Even in the most routine flights, Stahl explains the pilot is always prepared and always thinking about what to do if things take a dangerous turn.
"One thing a helicopter pilot is taught quite literally from the day that they get in their first helicopter [...] is that you're always looking for some place to go in the case of emergency."
In his days flying in downtown Seattle, Stahl says Broad Street, where the crash occurred Tuesday, was a favorable route just for that reason.
"I pretty much flew right down Broad Street there because that offers at least some place to go if you had some sort of a catastrophic failure," says Stahl. "So I can pretty much guarantee that he was thinking about that before he even knew he had a problem."
Once he knew something was wrong, Stahl says pilot Gary Pfizner then would have been trying to avoid secondary damage to structures, vehicles, and people on the ground.
"It sounds like with the number vehicles and people who may have been around down there, he did a pretty good job."
Navigating an aircraft around the busy Seattle skyline is a task that is getting more difficult as the city grows Stahl says.
"It seemed like every other week they were putting up a new construction crane, a new building goes up here, a new building goes up there, and the window of operation to land and takeoff from those rooftop helipads downtown has become more and more restricted."
Compared to other cities, Stahl says Seattle has never been that supportive of helicopter flight within city limits.
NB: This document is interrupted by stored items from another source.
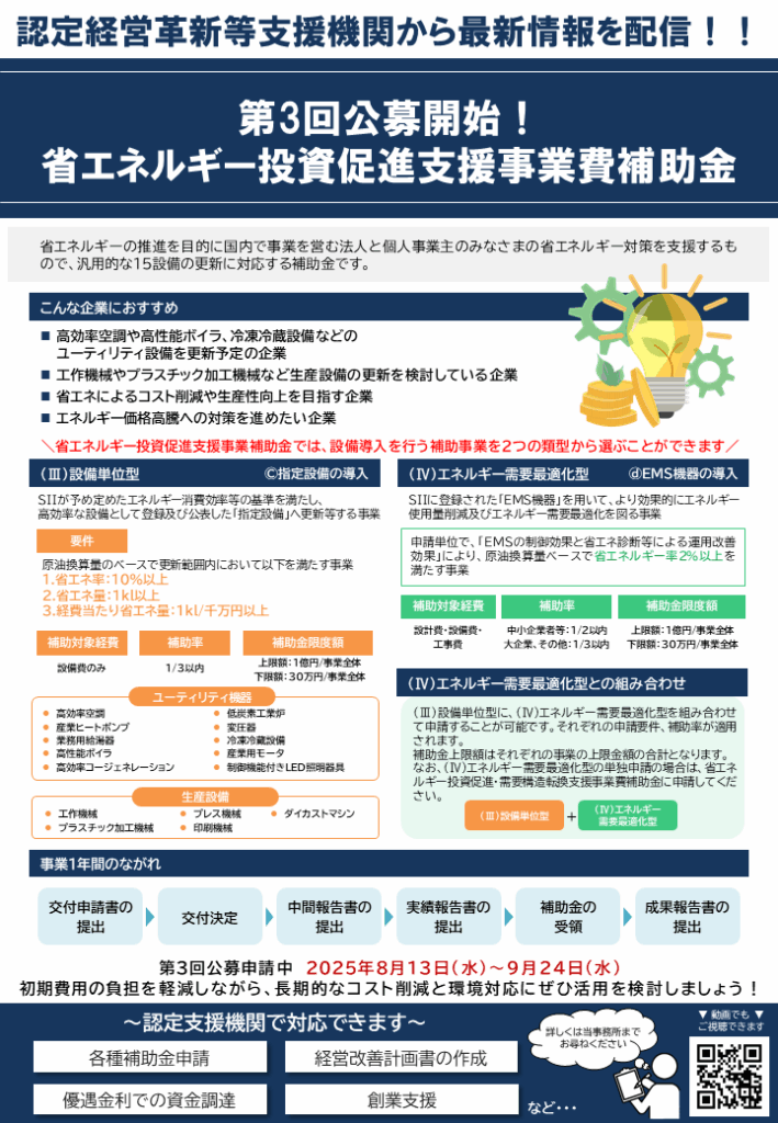 第3回公募開始!省エネルギー投資促進支援事業費補助金
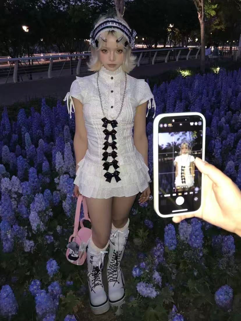 Long Bowknot Necklace with Multiple Bows | PU & Stainless Steel, 98cm
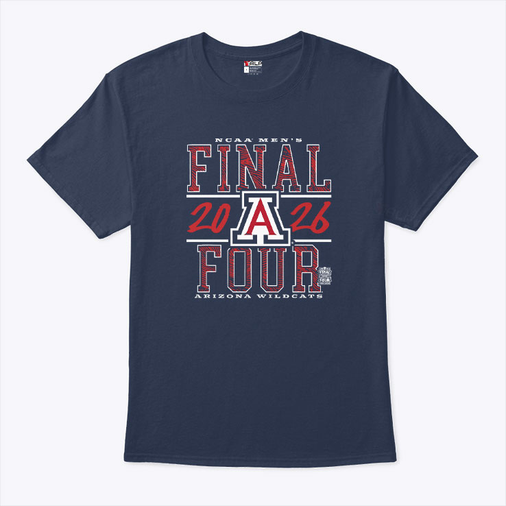 Bold block serif lettering marks the energy of the Final Four 2026 moment for Arizona basketball with undeniable presence. The large A emblem anchors the design, a steadfast symbol of pride, rendered in sharp red, white, and blue against a deep navy background. Outlined typography gives the text FINAL FOUR a weight and structure that mirrors the intensity of the tournament itself—strong, unyielding, yet crafted with clear precision. This shirt moves beyond mere team spirit; it’s an expression of dedication to the Wildcats’ march through March Madness. The color scheme reverberates patriotism and school pride, woven together through athletic typography that feels both retro and contemporary. It’s the kind of piece that belongs in a crowd of focused fans, worn by those who understand basketball isn’t just a game—it’s identity in motion. Pair it with casual jeans or workout shorts when rallying at a game or gathering with friends to watch the tournament. It’s a fit for anyone who lives for the thrill of the court and honors Arizona’s legacy. Whether as a staple in a collegiate fan’s wardrobe or a thoughtful nod from one basketball devotee to another, this design carries the energy and spotlight of basketball’s biggest stage without compromise. The final_four_2026_arizona spirit is woven into every stitch, an emblem of pride for seasons past and those to come.
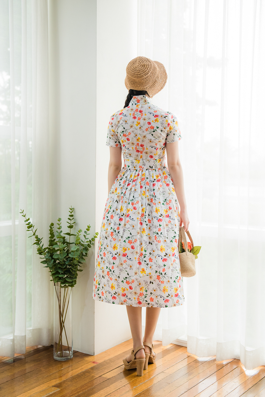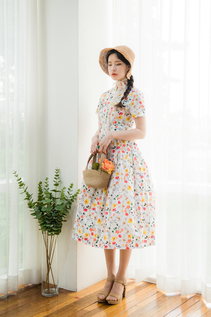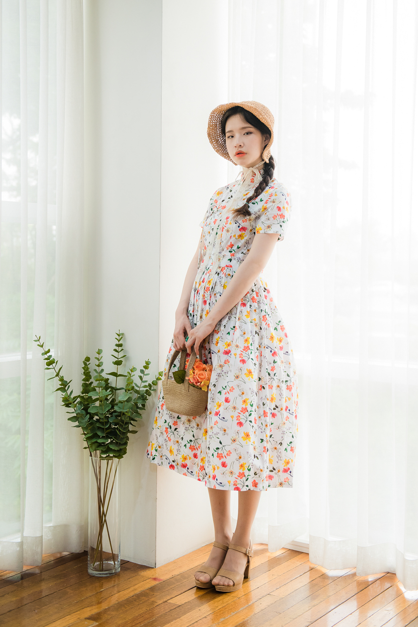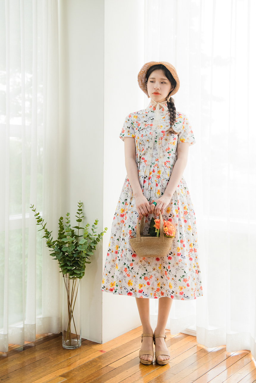 깨끗한 화이트빛 바탕에 노랑색,주홍색 꽃과 초록잎이 산뜻하게 그려져있는 철릭원피스로
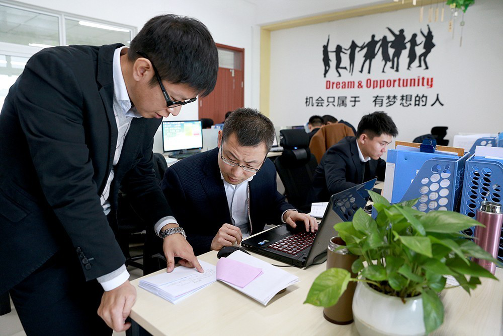 信息管理中心ERP團(tuán)隊(duì)小伙伴在和其它部門的小伙伴進(jìn)行溝通交流

"They kind of did a compromise quite a few years ago to [allow] medical, law enforcement, and news media," says Stahl. "That will certainly be revisited."
Seattle Mayor Ed Murray says they will be looking at whether they should be handling helipads in the city differently.
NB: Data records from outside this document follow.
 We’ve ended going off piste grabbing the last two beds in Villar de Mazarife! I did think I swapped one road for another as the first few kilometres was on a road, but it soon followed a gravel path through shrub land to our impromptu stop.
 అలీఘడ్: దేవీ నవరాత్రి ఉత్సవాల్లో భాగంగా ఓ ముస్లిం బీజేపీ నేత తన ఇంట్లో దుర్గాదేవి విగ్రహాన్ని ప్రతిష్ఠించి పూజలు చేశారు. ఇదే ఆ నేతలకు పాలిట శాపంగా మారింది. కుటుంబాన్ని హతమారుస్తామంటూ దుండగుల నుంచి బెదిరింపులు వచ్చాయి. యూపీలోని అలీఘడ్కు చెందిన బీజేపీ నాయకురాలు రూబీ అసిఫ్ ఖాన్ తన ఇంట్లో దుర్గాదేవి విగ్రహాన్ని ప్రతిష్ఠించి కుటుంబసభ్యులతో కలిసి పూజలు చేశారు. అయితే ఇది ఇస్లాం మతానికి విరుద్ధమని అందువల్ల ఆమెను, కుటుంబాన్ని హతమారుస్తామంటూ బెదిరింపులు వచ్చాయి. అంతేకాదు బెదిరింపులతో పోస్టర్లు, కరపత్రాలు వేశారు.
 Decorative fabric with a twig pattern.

"We want to understand what actually happened," says Murray, "so we can understand what we need to do in the future to prevent this from happening."
Stahl hopes they don't immediately jump to much stronger restrictions as a result of this incident. "I hope they don't have a knee-jerk reaction and try to restrict it completely, but who knows what will happen in that regard."
The National Transportation Safety Board and the Federal Aviation Administration investigations are continuing at the crash scene in attempts to determine just what went wrong.